Не знаю, на что я надеялся, но одно я знал точно: пойти на бал было большой ошибкой.

Я не мог вспомнить, какой именно теме посвящается бал, но в афише точно говорилось что-то о «социальном дарвинизме под звездами». Прожекторы и зеркальные шары преобразили спортзал школы в кипящий бульон из гостеприимства, развлечений и веселья. Сперва никто ничего не говорил в общем-то, но я чувствовал, что десятки глаз уставились на нас, когда мы с Гоби вошли. Я видел выражения лиц и девчонок, и парней: они не верили своим глазам — им было смешно, как детям на новогодней елке, — и, не смущаясь, разглядывали наряд Гоби. Она больше не была невидимкой. Она вышла в полосу света и оказалась в круге, подсвеченным синим прожектором. Мне вспомнился урок истории и рассказ про тех южноамериканских фермеров, которые выставляли на съедение волкам самую слабую и старую корову для того, чтобы защитить остальное стадо.

На сцене выступала какая-то группа, название которой никому ни о чем не говорило, и сейчас она исполняла какую-то из песен «Radiohead». Но звук музыки не перекрывал шепоток у нас за спиной.

— Хочешь пунша? — спросил я.

— Да, пожалуйста.

Я прошел через зал к накрытым столам, которые стояли вдоль противоположной стены. Чоу стоял там со своей девушкой и посмотрел на меня так удивленно, словно совершенно не ожидал увидеть меня здесь. Не обращая на него внимания, я налил поварешкой пунш в два высоких бокала, подошел к Гоби, одиноко стоявшей у края танцпола и окруженной десятиметровой зоной отчуждения, и вручил ей бокал.

— Спасибо, — тихо сказала она.

— На здоровье.

Я залпом выпил пунш, поставил бокал куда-то на стол и осмотрелся, с трудом удерживаясь, чтобы не взъерошить свои волосы. Гоби наблюдала за группой на сцене и покачивалась в такт музыке. Она странным образом не выпадала из обстановки, скорее, даже смотрелась естественно — более естественно, чем в школьных коридорах с ее вечными кипами учебников или в столовке за обедом.

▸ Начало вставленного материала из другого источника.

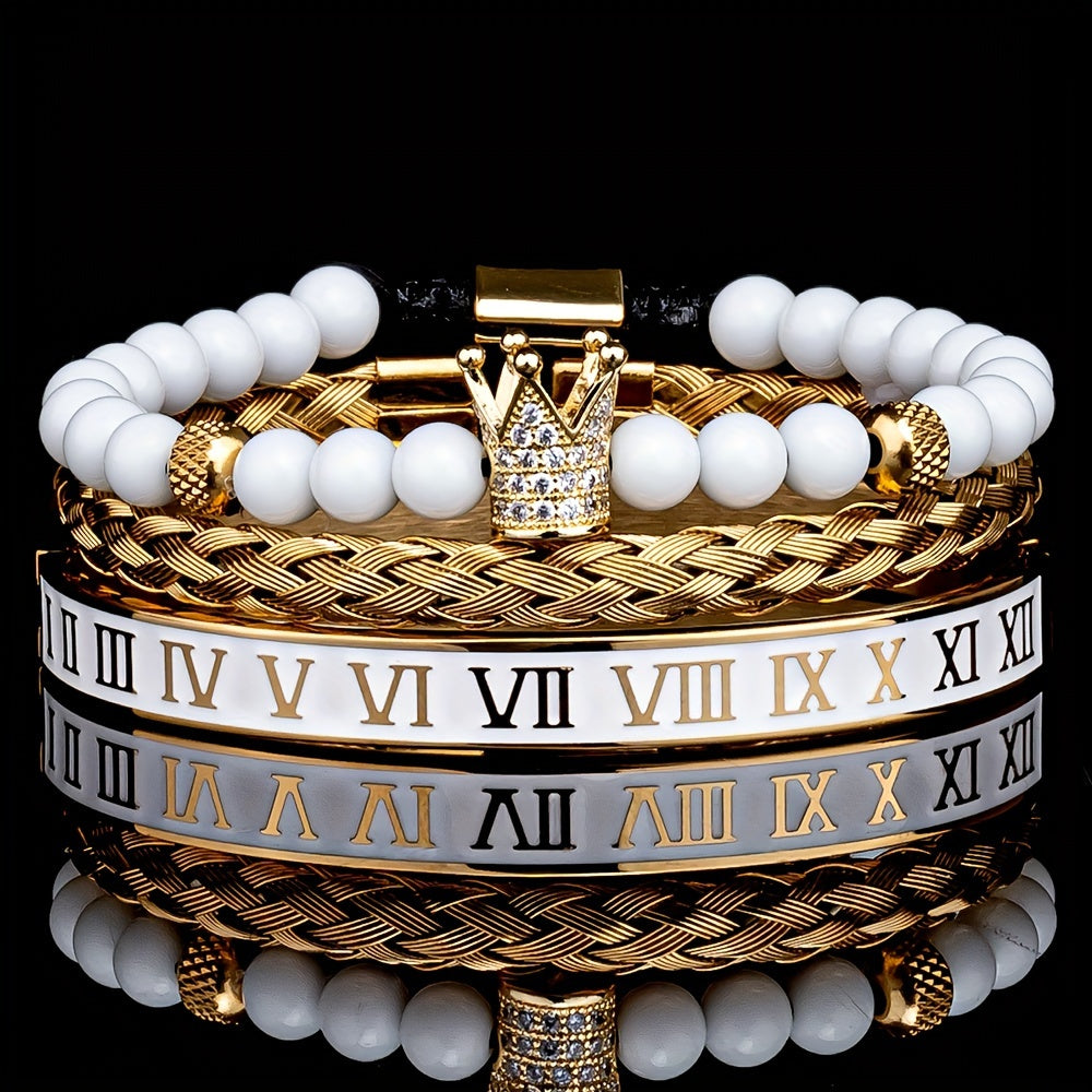 This stylish bracelet features a crown charm and a golden skull design. Made of high-quality stainless steel with enamel detailing and Roman numerals. Perfect for men who appreciate unique jewelry.

Она допила свой пунш, потом обернулась и посмотрела мне прямо в глаза.

— Хочешь, потанцуем?

— Ну, я даже не…

Ее рука нашла мою руку, пальцы скользнули внутрь моей ладони и настойчиво сжали ее.

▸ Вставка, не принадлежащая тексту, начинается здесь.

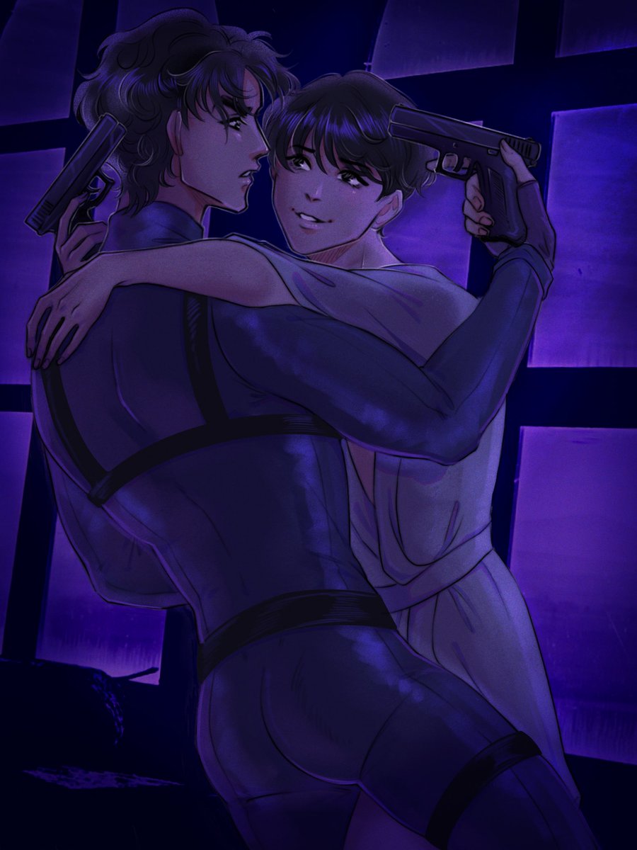 It takes him a second that his gun is also gone. Another to realise that as soon as they parted from the kiss, they pulled the other’s guns on each other, at the same time.
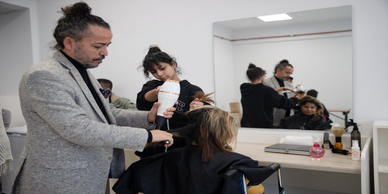 Öğrenci yurdunda kalan depremzede kadınlara kuaför hizmeti.

— Потанцуй со мной, Перри.

Я понятия не имел, как это все будет выглядеть, но ничего страшного не произошло — мы затерялись в бурном море танцующих, не слишком прижимаясь друг к другу, оставляя положенные шесть дюймов свободного пространства между нашими телами. Это был просто танец, танец и ничего больше, медленное кружение. Никакого «глаза в глаза». Накрахмаленная блузка Гоби аж хрустела у меня в руках, словно Гоби была в доспехах, сшитых из бабушкиных портьер, и когда третья песня закончилась, я посмотрел на часы и увидел, что, оказывается, уже перевалило за восемь вечера.

Я собирался было придумать какое-нибудь извинение, как вдруг что-то тяжелое ударило меня по плечу, и я чуть не упал прямо на Гоби. Она на удивление быстро сделала шаг в сторону, и я вдруг оказался распростертым на полу, а надо мной раздались взрывы ехидного смеха.

— Эй, Стормейр, как хорошо, что ты привел уборщицу на выпускной бал, молодчина!

Я обернулся и увидел Дина Видтакера. Он стоял, засунув руки в карманы, и нагло ухмылялся. Весь такой прилизанный, с вьющимися волосами и лицом, созданным для того, чтобы смешить и издеваться — лицом клоуна, Видтакер был одет в смокинг, несомненно, от Армани. Рядом с ним стоял неразлучный Шеп Монро. Я даже не понял, что они делают на этом балу. Видтакер и Монро были из богатых семей, из другого мира. Достаточно было взглянуть на них, чтобы понять: школьный бал для них — лишь повод поиздеваться над другими. Вокруг них буквально витали флюиды, которые способны источать лишь богатые люди, как будто перенесшиеся сюда прямиком из Швейцарии. Они пришли с девчонками, которые даже не учились с нами; это были дочери друзей их родителей, из тех семей, где деньги и власть бесконечно фонтанировали во всех сферах жизни. Оба они смотрели на все с ленцой, будто им было постоянно скучно.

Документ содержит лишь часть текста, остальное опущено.